▸ Exercise directions:
When the line with "サウンドテーブルテニスの様子" turns up below, begin repeating exactly, and carry on through the line with "近年来，国网黄龙县供电公司深"; no pictures go into the copy.

▸ Records shown:
▼▼▼

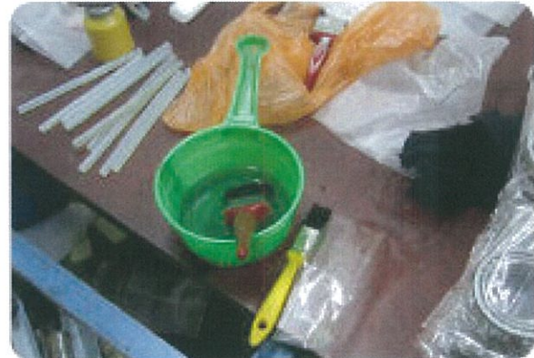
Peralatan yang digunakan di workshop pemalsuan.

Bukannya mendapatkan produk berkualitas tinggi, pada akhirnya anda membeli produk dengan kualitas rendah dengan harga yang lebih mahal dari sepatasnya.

▲▲▲
▼▼▼

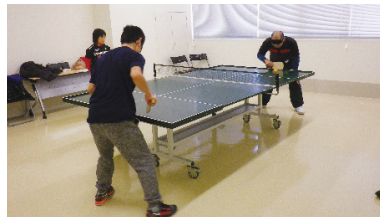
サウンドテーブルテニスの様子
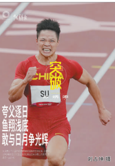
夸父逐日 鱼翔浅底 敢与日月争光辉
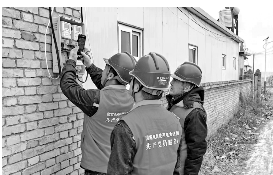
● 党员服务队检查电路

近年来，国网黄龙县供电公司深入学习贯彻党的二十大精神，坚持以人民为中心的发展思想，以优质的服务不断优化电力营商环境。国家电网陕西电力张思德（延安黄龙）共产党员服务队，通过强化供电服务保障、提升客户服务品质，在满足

▲▲▲

▸ Task answer:
サウンドテーブルテニスの様子
夸父逐日 鱼翔浅底 敢与日月争光辉
● 党员服务队检查电路

近年来，国网黄龙县供电公司深入学习贯彻党的二十大精神，坚持以人民为中心的发展思想，以优质的服务不断优化电力营商环境。国家电网陕西电力张思德（延安黄龙）共产党员服务队，通过强化供电服务保障、提升客户服务品质，在满足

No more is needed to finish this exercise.